Beirut-based al-Mayadeen TV network broadcast footage of Syrian advance in the border town on Saturday, showing soldiers charging through a field towards an arched entrance of the town and a sign saying "Welcome to Yabroud."
Gunfire could be heard while Syrian soldiers made their advance through the strategic town that served as the insurgent’s key supply channel.
Capturing Yabroud would allow Syrian government forces to choke off a cross-border supply line of the foreign-backed militants from Lebanon.
The town is near the highway linking Damascus to the country’s former commercial hub of Aleppo in the north and to the Mediterranean coast in the west.
According to local reports, heavy fighting was continuing between Syrian troops and anti-Damascus insurgent factions, including the al-Qaeda-linked al-Nusra Front and the Islamic State of Iraq and the Levant (ISIL), both widely regarded as extremist terrorist groups that routinely commit atrocities in area under their control.

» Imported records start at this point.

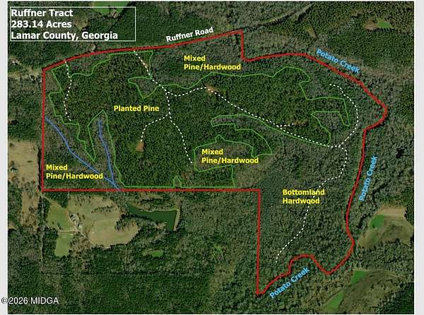 Est $12,547/mo283.14 Acres Located in Western Lamar County. This Remarkable Tract Features a Stunning Blend of Mature Planted Pine Stands, Majestic Upland, and Bottomland Hardwoods. Over 1.4 Miles of Frontage on Potato Creek and Over 1/2 Mile of Frontage on Ruffner Road. Great Interior Road System. Established Food Plots, Plentiful Game Including Deer, Turkey, and Ducks. Great Location just Minutes from Barnesville, Thomaston, and Griffin. This Truly is an Amazing Tract.
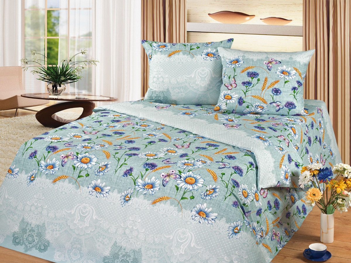 Комплект постельного белья Cleo Полевые цветы на сером фоне 3D бязь, двуспальный евро
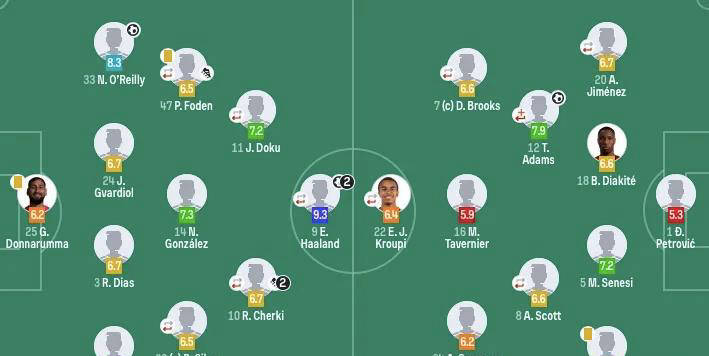 在比赛关键时刻,第17分钟,谢尔基传中,哈兰德面对门将单刀破门,帮助曼城取得了领先。第26分钟,多纳鲁马失误导致亚当斯进球,伯恩茅斯扳平比分。第33分钟,谢尔基再次助攻,哈兰德单刀梅开二度,曼城重新取得领先。

Thousands of people have fled Yabroud, a town of about 40,000 to 50,000 people roughly 60 kilometers north of Damascus, and the surrounding areas after it was shelled last month ahead of the government offensive.
Syrian forces have been making steady gains against the foreign-backed militants along the highway as well as around Damascus and Aleppo in recent months, regaining the initiative in a destructive insurgency campaign that entered its fourth year this month.

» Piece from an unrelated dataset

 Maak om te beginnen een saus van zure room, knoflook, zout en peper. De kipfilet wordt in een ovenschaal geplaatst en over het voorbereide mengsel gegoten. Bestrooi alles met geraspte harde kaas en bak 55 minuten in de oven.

This is while a senior al-Nusra commander was reported killed late Friday on the outskirts of Yabroud during shelling and clashes with Syrian army units backed by fighters from Lebanon’s Hezbollah resistance movement.
The insurgent commander, identified as Abu Azzam al-Kuwaiti, was the deputy leader of al-Nusra in Qalamoun, the mountainous zone between Damascus and the Lebanese border, where Yabroud is located.
An estimated 130,000 people are believed to have died during the foreign-sponsored Syrian insurgency campaign over the past three years. Millions have also been displaced due to the destructive crisis.